Google's AI Overviews now appear on more than 30% of search queries. ChatGPT search is pulling traffic that never touches a website. Meta's Advantage+ campaigns optimise across placements that traditional attribution cannot track. The measurement infrastructure most marketing teams rely on was built for a world that no longer exists.
Last-click attribution assigns 100% of the credit to the final touchpoint before a conversion. It was always a simplification. Now it is a distortion. When a prospect reads three blog posts, sees a LinkedIn ad, gets an AI-generated summary of your product, and then clicks a branded search ad to convert, last-click says the branded search ad did all the work.
The problem is accelerating. Rand Fishkin's SparkToro data shows that zero-click searches now account for roughly 60% of all Google queries. Users are getting answers without ever visiting a website. If your attribution model only counts clicks, you are blind to more than half of your search visibility.
Of Google searches now end without a click to any website (SparkToro/Datos, 2025)
Google's own response has been to push marketers toward data-driven attribution (DDA) inside GA4, which uses machine learning to distribute credit across touchpoints. It is better than last-click. It is not a solution. DDA still operates within Google's walled garden and cannot account for touchpoints it does not observe.
The more honest frameworks emerging from measurement consultancies like Measured and Analytic Partners focus on incrementality testing and media mix modelling (MMM). These approaches ask a different question: not "which click gets credit" but "what would have happened if we had not spent this money?"
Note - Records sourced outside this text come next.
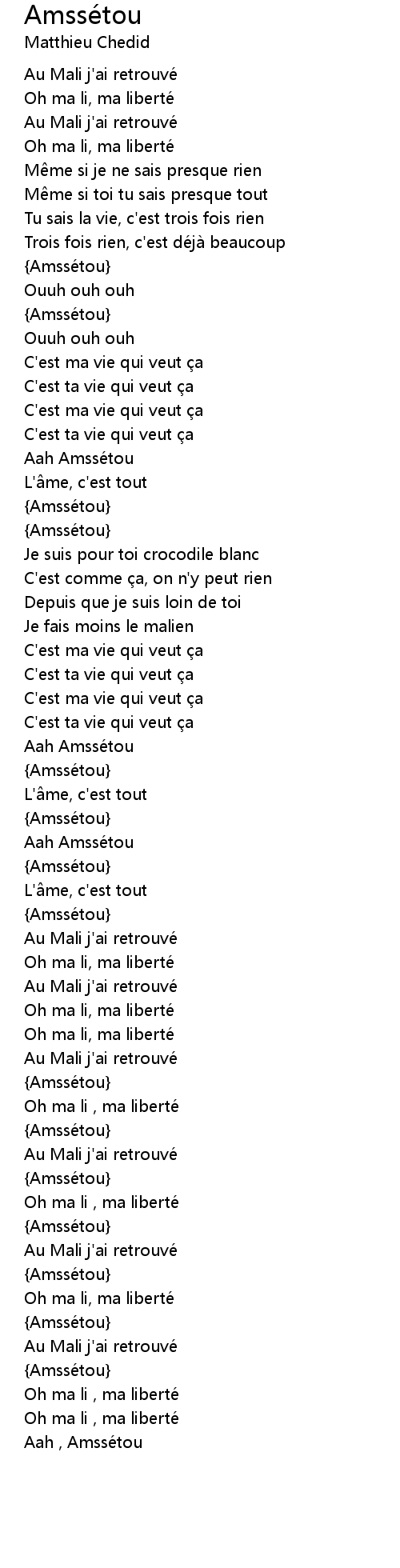 | 歌曲 | Amssétou |
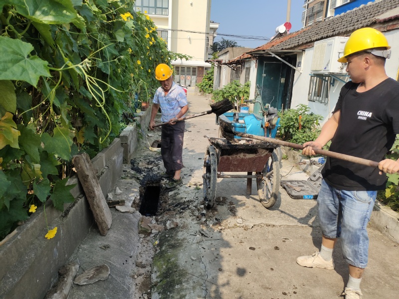 隨著時間的推移,溫度不斷升高,要疏通的下水道長近50米,但工人們沒有后退,他們趕時間、搶進(jìn)度,帶著悶熱的安全帽,即使汗流浹背也一刻都不懈怠。施工過程中,工人們先是用力地翹起蓋槽板,然后從堵塞的下水道里挖上來很多散發(fā)出惡臭、黑黢黢的淤泥,再用小車一車一車的將堵塞物運(yùn)走。他們不嫌累、不嫌臟,不方便施工時便將腿跪在地上,用工具將下水道清理得干干凈凈。即使在作業(yè)時,本著對蓋槽板等原材料保護(hù)優(yōu)先的原則,只能用工具將淤泥掏出來,一定程度上加大了施工的難度,增加了施工的時間,但工人們用飽滿的精神狀態(tài)和辛勤的汗水,切實為居民辦了一件實事。
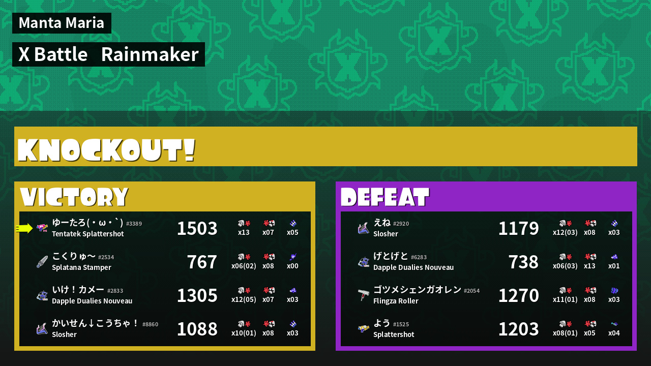 Kills / Deaths | 13 + 0 / 7 > Kill Ratio: 1.86 | ||
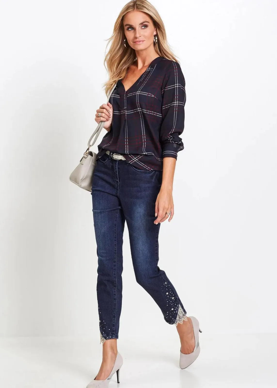 Leicht transparente Tunika mit abgerundetem Saum, Länge von ca. 64 cm (Gr.36) bis ca. 73 cm (Gr.54), maschinenwaschbar,
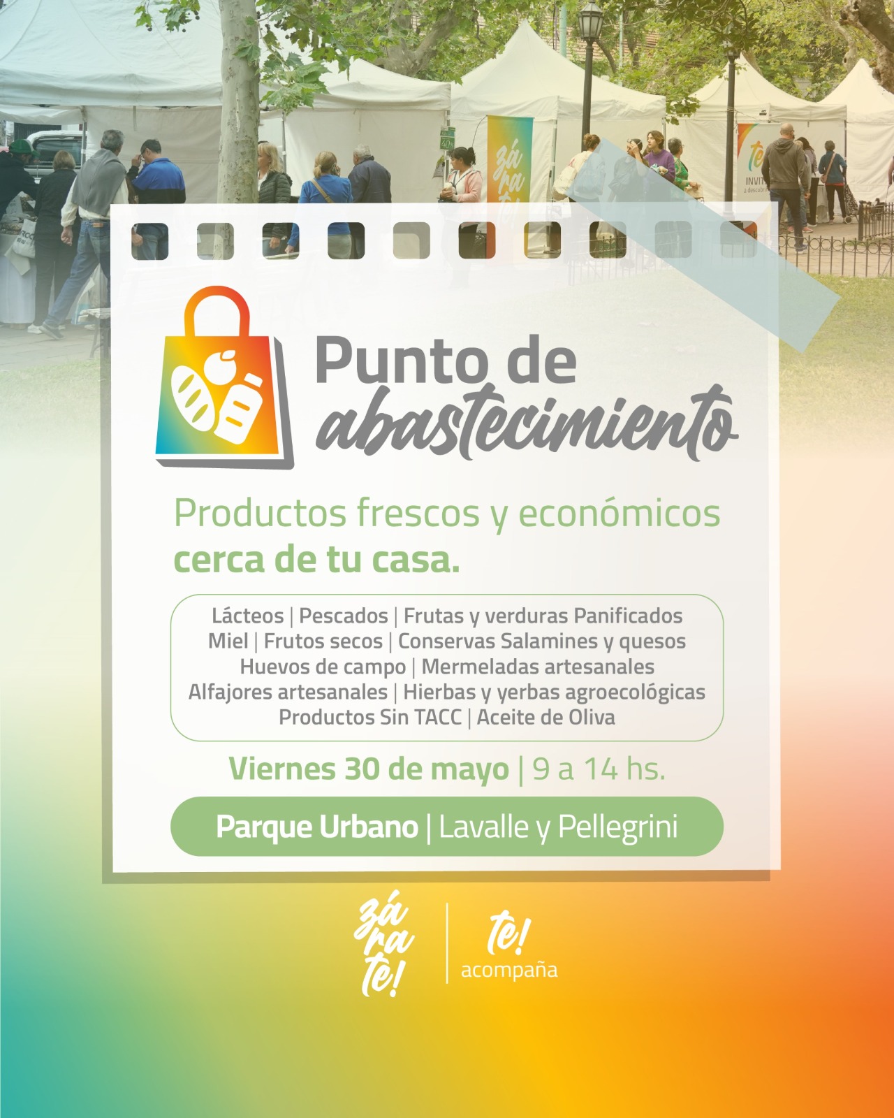 El viernes 30 de mayo de 9 a 14 hs, Punto de Abastecimiento estará en el Parque Urbano de Zárate (Lavalle y Pellegrini).
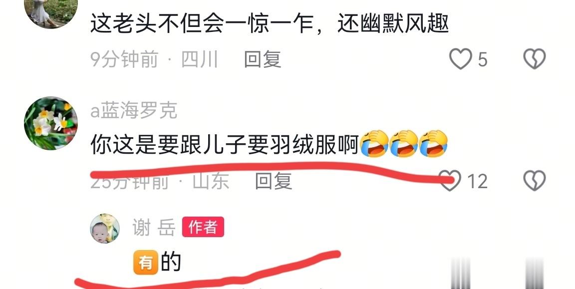 还有网友直接问谢爸,你这是跟儿子要羽绒服啊?
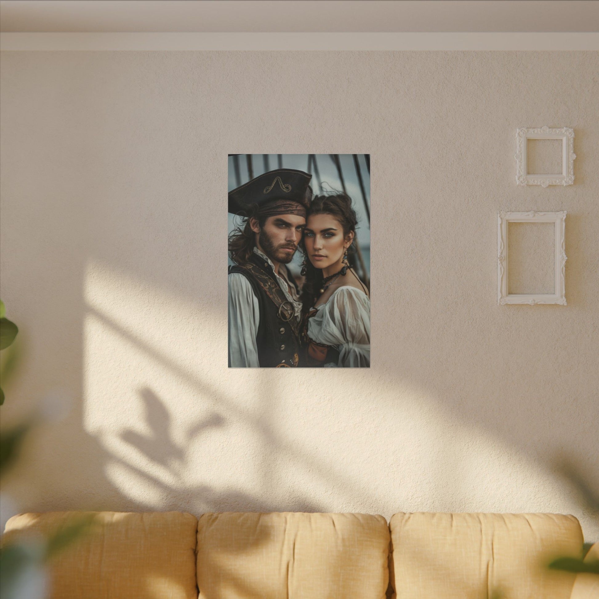 Capture the fiery bond of love and adventure with this stunning custom portrait of a bold pirate couple, radiating strength, romance, and timeless cinematic charm.
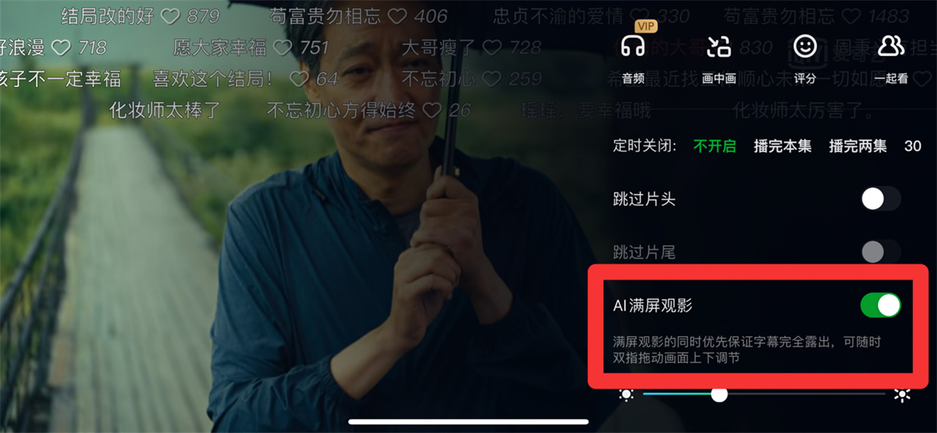 在展开的选项中,将AI满屏观影开启即可。

MMM is not new. CPG brands have used it for decades. What is new is that the tooling has become accessible to mid-market companies. Google's Meridian (open-source MMM), Meta's Robyn and several commercial platforms now make it feasible for teams spending $50K per month or more on media.
Why it matters
Attribution shapes budget allocation. If your model says branded search drives 70% of conversions, that is where the money goes. But branded search is capturing demand that content, social and display created. Cut those channels based on last-click data and watch branded search volume decline three months later.
For Australian businesses, this is particularly relevant. The market is smaller, budgets are tighter, and the cost of misallocating spend is proportionally higher. Getting measurement right is not a nice-to-have. It is the difference between scaling what works and doubling down on what merely takes credit.
What to do about it
Start with a simple incrementality test. Hold out a geographic region or audience segment from one paid channel for four weeks and measure the difference in conversions. Run a basic MMM using Meridian or Robyn with 12 months of spend and conversion data. At minimum, switch GA4 to data-driven attribution and stop making budget decisions based on last-click reports. The goal is not perfect measurement. It is less wrong measurement.